Between 2016 and 2021, his most popular works were:

  • Algae as nutritional and functional food sources: revisiting our understanding (453 citations)
  • Algae as nutritional and functional food sources: revisiting our understanding (453 citations)
  • Early photosynthetic eukaryotes inhabited low-salinity habitats (137 citations)

In his most recent research, the most cited papers focused on:

  • Ecology
  • Botany
  • Photosynthesis

His primary areas of study are Ecology, Algae, Photosynthesis, Total inorganic carbon and Ecosystem. In the subject of general Ecology, his work in Experimental evolution, Phytoplankton, Carbon fixation and Food web is often linked to Food preparation, thereby combining diverse domains of study. John A. Raven has researched Algae in several fields, including Biodiversity, Ecology, Multicellular organism and Anoxygenic photosynthesis.

John A. Raven merges many fields, such as Photosynthesis and Mediterranean sea, in his writings. His study in Total inorganic carbon is interdisciplinary in nature, drawing from both Fucales, Organism, RuBisCO, Brown algae and Carbonic anhydrase. His work in Ecosystem addresses subjects such as Ocean acidification, which are connected to disciplines such as Algal bloom, Carbon cycle, Environmental chemistry and Eutrophication.

This overview was generated by a machine learning system which analysed the scientist’s body of work. If you have any feedback, you can contact us here.

Top Publications

Ocean acidification due to increasing atmospheric carbon dioxide

J Raven;K Caldeira;H Elderfield;O Hoegh-Guldberg.
The Royal Society, London, UK, 68 pp. ISBN 0-85403-617-2 (2005)

1196 Citations

Plant nutrient-acquisition strategies change with soil age

Hans Lambers;John A. Raven;Gaius R. Shaver;Sally E. Smith.
Trends in Ecology and Evolution (2008)

974 Citations

ADAPTATION OF UNICELLULAR ALGAE TO IRRADIANCE: AN ANALYSIS OF STRATEGIES

K. Richardson;J. Beardall;J. A. Raven.
New Phytologist (1983)

798 Citations

Phytoplankton in a changing world: cell size and elemental stoichiometry

Zoe V. Finkel;John Beardall;Kevin J. Flynn;Antonietta Quigg;Antonietta Quigg.
Journal of Plankton Research (2010)

760 Citations

Phosphorus limitation of nitrogen fixation by Trichodesmium in the central Atlantic Ocean

Sergio A. Sañudo-Wilhelmy;Adam B. Kustka;Christopher J. Gobler;David A. Hutchins.
Nature (2001)

615 Citations

The 15N natural abundance (δ15N) of ecosystem samples reflects measures of water availability

L.L. Handley;A.T. Austin;D. Robinson;C.M. Scrimgeour.
Australian Journal of Plant Physiology (1999)

509 Citations

Opportunities for improving phosphorus-use efficiency in crop plants.

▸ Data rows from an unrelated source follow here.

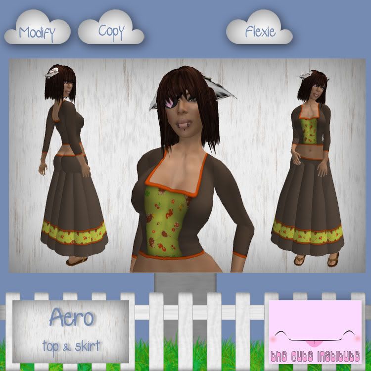 I'm flashing back to the 70's with this release. 6 brand new outfits (only 4 shown here) for you ladies today. 3/4 sleeve tops & long skirts all with a vintage feel. Prints include hedgehogs, apples, daisies, mushrooms, owls and starfruit. Only available @ The Cute Institute's main location in Rawktacular. <p>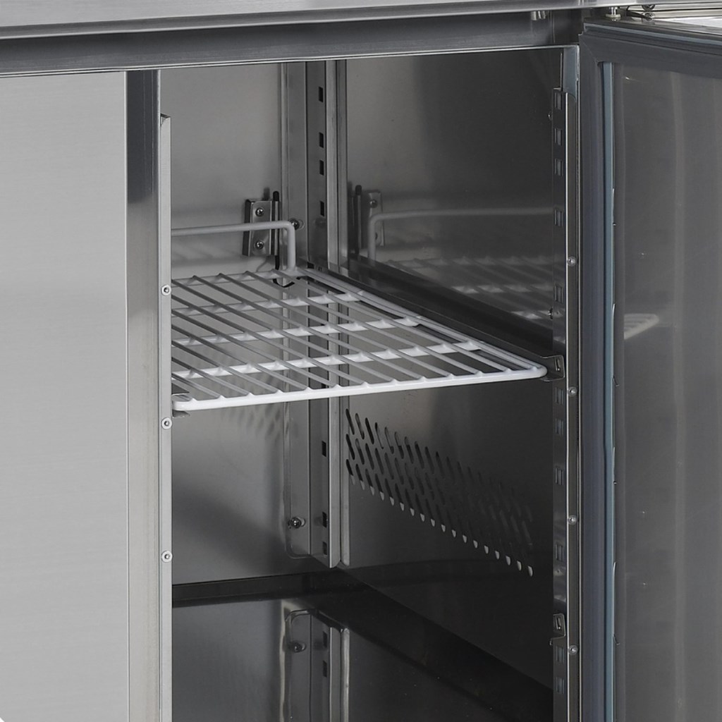 Каталог оборудования Холодильное оборудованиеСтолы охлаждаемыеСтолы холодильные среднетемпературныеСтол холодильный среднетемпературный TEFCOLD GC73 Стол холодильный среднетемпературный TEFCOLD GC73 Код товара: 066-723 Поделиться: WhatsAppTelegram 0 Цена по запросу Получить консультацию в WhatsApp Описание Характеристики Отзывы 0 Стол холодильный среднетемпературный TEFCOLD GC73 — профессиональный стол для раскатки теста, обработки ингредиентов и кратковременного хранения продуктов на предприятиях общественного питания. Корпус и внутренняя отделка выполнены из нержавеющей стали SS201, обеспечивая прочность и легкость в уходе. Особенности модели: Динамическое охлаждение для равномерной температуры Электронный контроллер для точной настройки Автоматическая оттайка для удобства эксплуатации 3 распашные самозакрывающиеся двери 3 решетчатые полки GN1/1 Регулируемые ножки для устойчивости Климатический класс 4 Энергоэффективность класса B Хладагент R600a (подзарядка 95 г) Общий объем 417 л, полезный 402 л Энергопотребление 2,45 кВт/сутки (годовое 894 кВт⋅ч) Уровень шума 42 дБ Размеры полок 328×430 мм, внутренние размеры 1337×530×589 мм TEFCOLD GC73 — надежный и удобный холодильный стол для профессиональных кухонь. Он сочетает долговечность, равномерное охлаждение и удобство работы, обеспечивая эффективное хранение и обработку ингредиентов на предприятиях общественного питания.Изображение товара, представленного на фото, может отличаться от его фактического вида. Показать все Габаритные размеры1795×700×980 ммДиапазон рабочей температурыот -2 до 10 °CРасположение агрегатаБоковое Материал столешницыНержавеющая Тип столаС дверьми Тип двериГлухая Общий объем417 лПолезный объем402 лКоличество дверей3 штКоличество полок3 штРазмер полки328×430 ммКлиматический класс4 Уровень шума42 дБНапряжение220 ВМощность0,3 кВтРасход электроэнергии в сутки2,45 кВт/сутТип охлажденияДинамическое Тип оттайкиАвтоматическая ХладагентR600a СтолешницаС бортом Габариты в упаковке1830×750×1010 ммВес нетто134 кгВес брутто151 кгБрендTefcoldВсе нержавеющие холодильные столы Все холодильные столы с бортом Оставить отзыв Еще никто не оставил отзыв на этот товар Ранее просмотрено В наличии Цена по запросу Стол холодильный среднетемпературный TEFCOLD CK7240 В наличии Цена по запросу Стол холодильный среднетемпературный TEFCOLD CK7220 В наличии Цена по запросу Стол холодильный среднетемпературный TEFCOLD CK7340
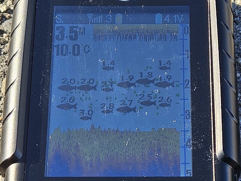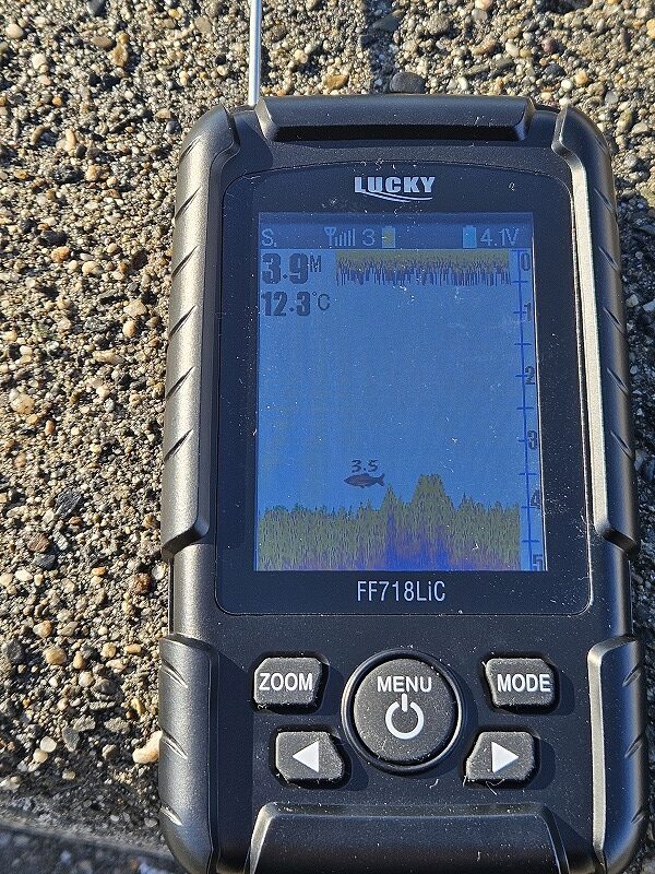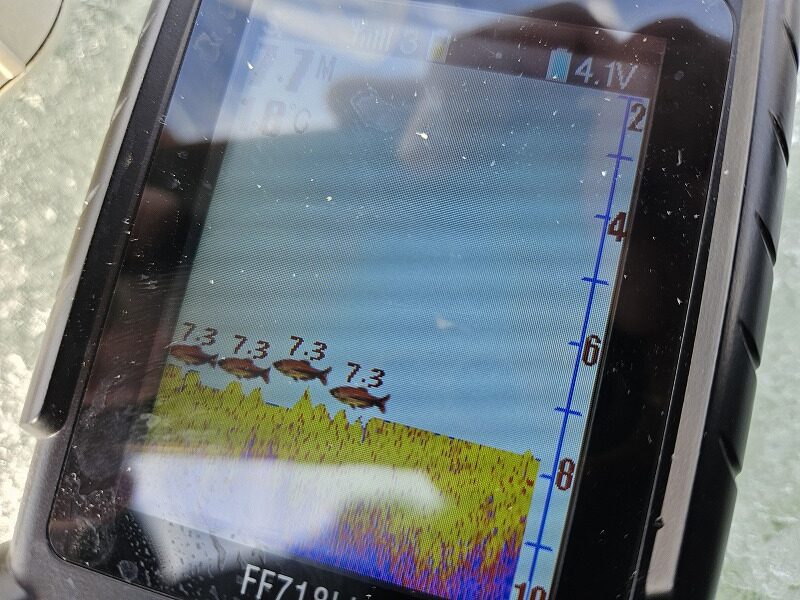 数字は魚がいる水深を表しています。(上記写真では水深3.5mに魚がいる)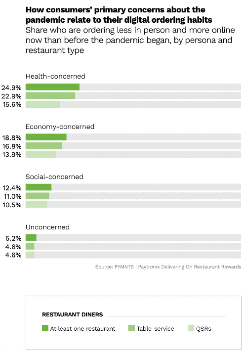 As the restaurant industry begins to recover, many people, vaccinated and otherwise, are still dealing with concerns related to the pandemic — and those concerns are shaping their ordering behaviors. As PYMNTS’ research published in the May edition of Delivering on Restaurant Rewards created in collaboration with Paytronix has identified, there are four main personas of today’s restaurant customer: the health-concerned customer, the economy-concerned customer, the social-concerned customer and the unconcerned customer. As one might expect, the digital ordering habits of the health-concerned look very different than, say, those of the social-concerned.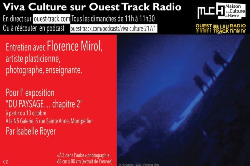 EMission du dimanche 04 septembre 2022 ENTRETIEN : Florence Mirol, artiste plasticienne, photographe, enseignante. Exposition à Montpellier Autour du paysage, à partir du 13 octobre 22, n°5 Galerie, rue Sainte Anne.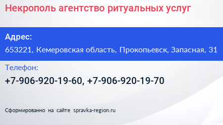 Некрополь, агентство ритуальных услуг по адресу 653221, Кемеровская область, Прокопьевск, Запасная, 31 в дальнейшем Организация, размещена в следующих категориях:

Erik J. Veneklaas;Hans Lambers;Jason Bragg;Patrick M. Finnegan.
New Phytologist (2012)

479 Citations

Primary productivity of planet earth: biological determinants and physical constraints in terrestrial and aquatic habitats

Richard J. Geider;Evan H. Delucia;Paul G. Falkowski;Adrien C. Finzi.
Global Change Biology (2001)

375 Citations

Plant mineral nutrition in ancient landscapes: high plant species diversity on infertile soils is linked to functional diversity for nutritional strategies

Hans Lambers;Mark C. Brundrett;John A. Raven;John A. Raven;Stephen D. Hopper;Stephen D. Hopper.
Plant and Soil (2010)

369 Citations

Profile was last updated on December 6th, 2021.
Research.com Ranking is based on data retrieved from the Microsoft Academic Graph (MAG).
The ranking h-index is inferred from publications deemed to belong to the considered discipline.